I: Nothing of any note, sir. Adrian speaks to the Devil, makes a pact with him. The usual stuff: his soul for a reward, for the ability to compose something truly special. What is interesting is that Mann allows you to make up your own mind about whether the conversation, the pact, really happened. Adrian is crazy, and the Devil acknowledges that. Is it his madness that allows him to see the Devil? Or is it his madness that causes him to see the Devil?
He: What do you think?
I: What do I fucking know? I’m in bed with Satan right now! Clearly, I’m not qualified to make that call.
He: So what do you say, boy? I’ll give you a review, the best review ever written.
I: Y’know, I’d rather we had done this at a crossroads. Making deals in bed feels…kinda wrong.
He: But what do you say?
I: Ok. Sure. You can have my soul; it’s a pretty lousy thing anyway.
He: Marvellous. Ok, so this is how it works. Write up this conversation and leave it for your friend to post, that Rudolf Spenglebrauschnitlespritzer. The review will go…ayoop…through the roof, they’ll love it. Anything that has me in it is a winner. Of course, you won’t be around to enjoy the adulation. You’ll live for, oh, maybe a few more days. Yeah, you’re pretty much a dead man walking. I forgot to mention that? Small print is a bitch. Always read the small print, boy.
I: A few more days? Can’t you be more specific? I’ll be on tenterhooks.

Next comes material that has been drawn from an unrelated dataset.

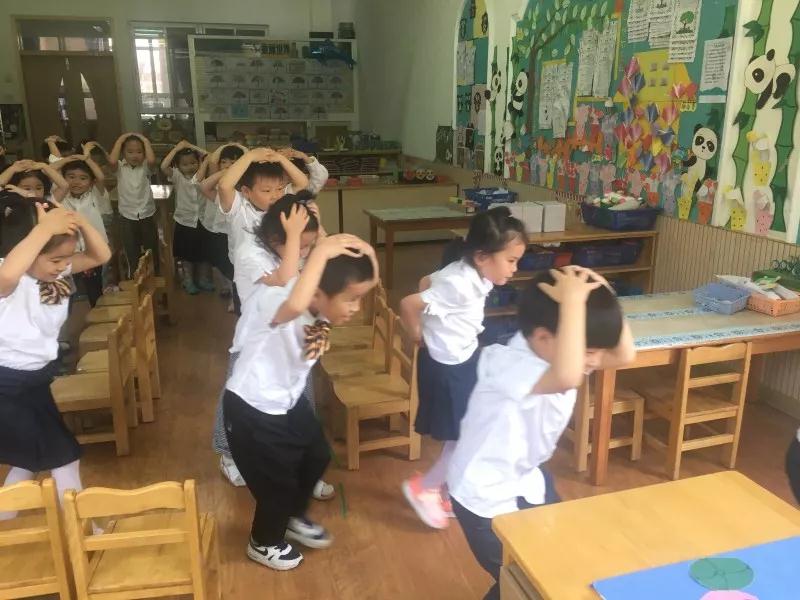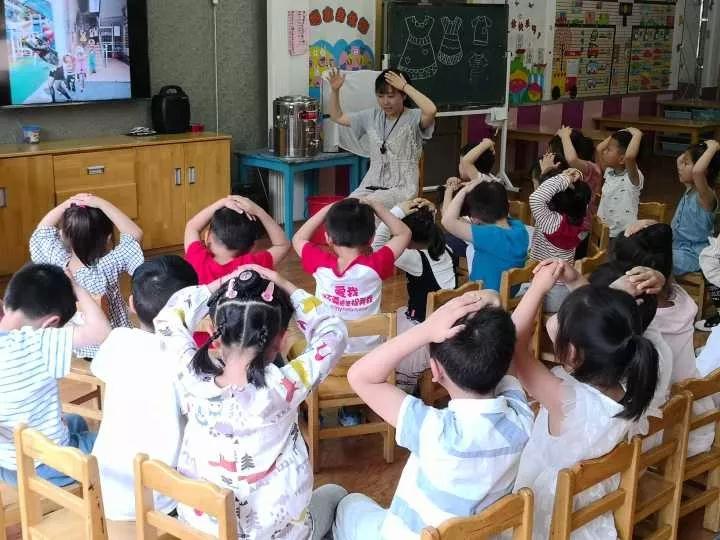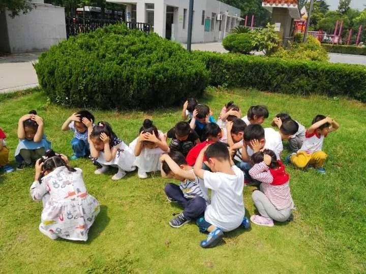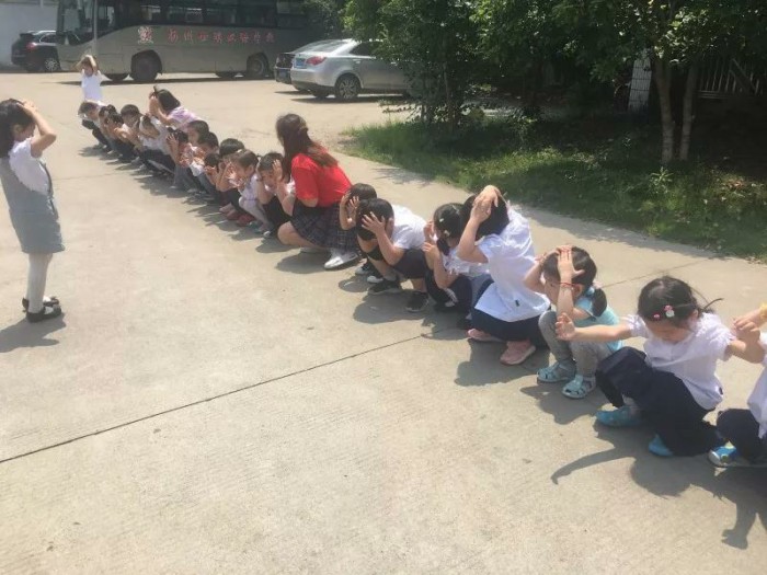 其次,是年級組的逃生演習。統(tǒng)一時間,分散線路,在幼兒游戲中的狀態(tài)下,警報聲突然鳴起,緊接著小朋友們在班級老師緊張有序的組織下抱著頭、彎腰低身,在指定的路線下逃離教室,一樓的班級不到一分鐘,二樓班級一分半鐘全部到達安全地帶。

He: Ok, so you’ll hear a song, I won’t say when but soon, perhaps when you’re in the supermarket, or on a bus or in the toilet. It’ll be ‘our song.’
I: Elton John?
He: What? That’s Your Song, you idiot.
I: Ok, so, what’s the song?
He: Boyz II Men ‘End of the Road.’
I: I love that song! Some people think it is cheesy, but fuck ’em. That spoken word bit at the end? ‘All those times you hurt me, and just ran out with that other fella…’ Fucking brilliant.
He: It’s a cracker. So, yeah, when you hear that song you have exactly 24 hours left. Make the most of them. If you want a tip I’d say hookers are a good place to start. Lots of expensive hookers.
I: Expensive hookers. Ok. Thanks.
The manuscript ends here. I don’t want to speculate about what [P] was going through that night, whether his visitor was real or imaginary. Clearly he was real for him. I can speak, however, about the accuracy of the prophesy, for [P] died of unknown causes within four days of the date at the top of the manuscript in my possession.